▶ **Material shown**:
————
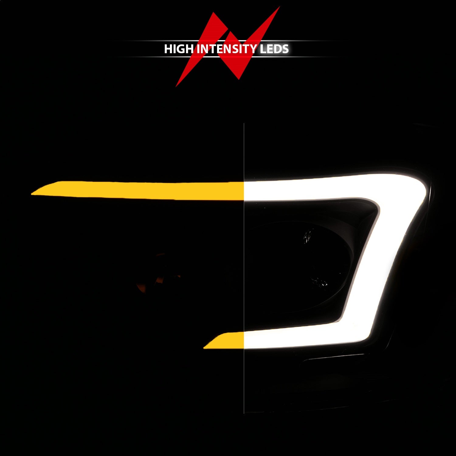 Crystal Headlight Set w/ Light Bar Style - Switchback - Black Housing - Clear Lens - Pair
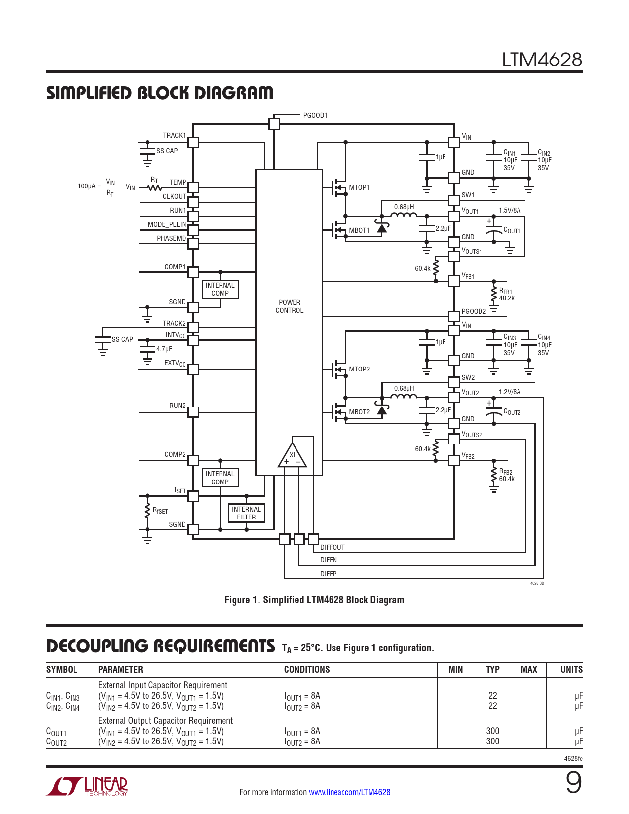 Figure 1. Simplified LTM4628 Block Diagram DECOUPLING REQUIREMENTS TA = 25°C. Use Figure 1 configuration. SYMBOL PARAMETER CONDITIONS MIN TYP MAX UNITS
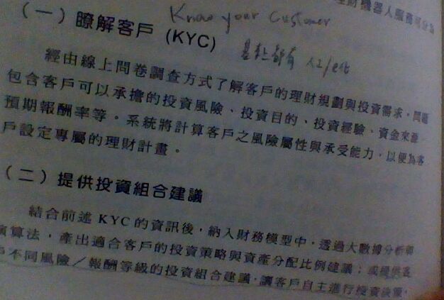 A.可經由線上問卷的方式了解客戶的理財規劃與投資需求—瞭解客戶(KYC)
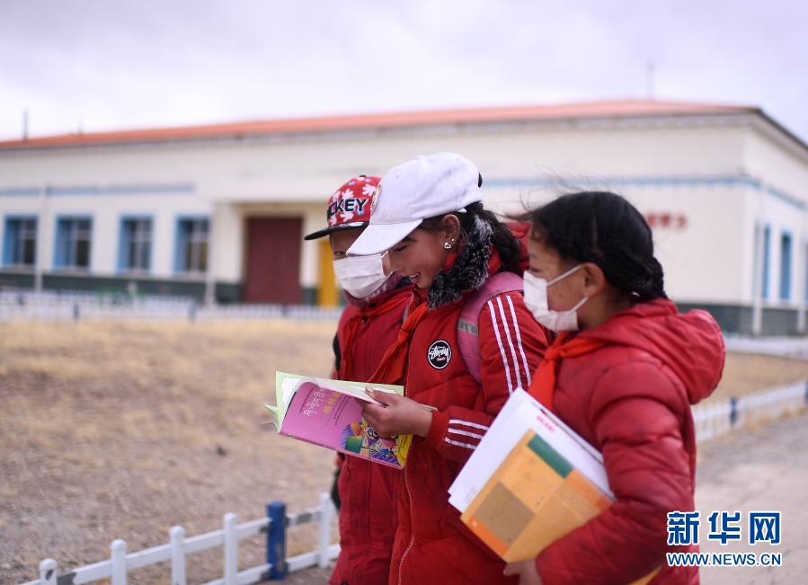 3月16日,在索加鄉(xiāng)寄宿小學(xué),晚餐結(jié)束后,青梅才吉(中)和同學(xué)在校園內(nèi)。新華社記者 張宏祥 攝
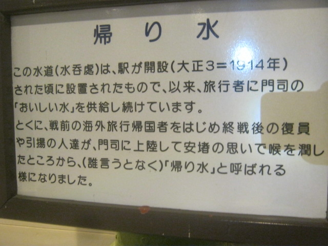JR門司港駅の公衆トイレ向かいにある水場で、大正3年に設置されておりますので、100年以上の歴史を有する由緒ある設備で、勿論今も尚現役でお水を頂くことが出来ます。
————
▶ **Task item**:
Could you give back the full listing word for word, leaving out the images?

▶ **Result of this task**:
 Crystal Headlight Set w/ Light Bar Style - Switchback - Black Housing - Clear Lens - Pair
 Figure 1. Simplified LTM4628 Block Diagram DECOUPLING REQUIREMENTS TA = 25°C. Use Figure 1 configuration. SYMBOL PARAMETER CONDITIONS MIN TYP MAX UNITS
 A.可經由線上問卷的方式了解客戶的理財規劃與投資需求—瞭解客戶(KYC)
 3月16日,在索加鄉(xiāng)寄宿小學(xué),晚餐結(jié)束后,青梅才吉(中)和同學(xué)在校園內(nèi)。新華社記者 張宏祥 攝
JR門司港駅の公衆トイレ向かいにある水場で、大正3年に設置されておりますので、100年以上の歴史を有する由緒ある設備で、勿論今も尚現役でお水を頂くことが出来ます。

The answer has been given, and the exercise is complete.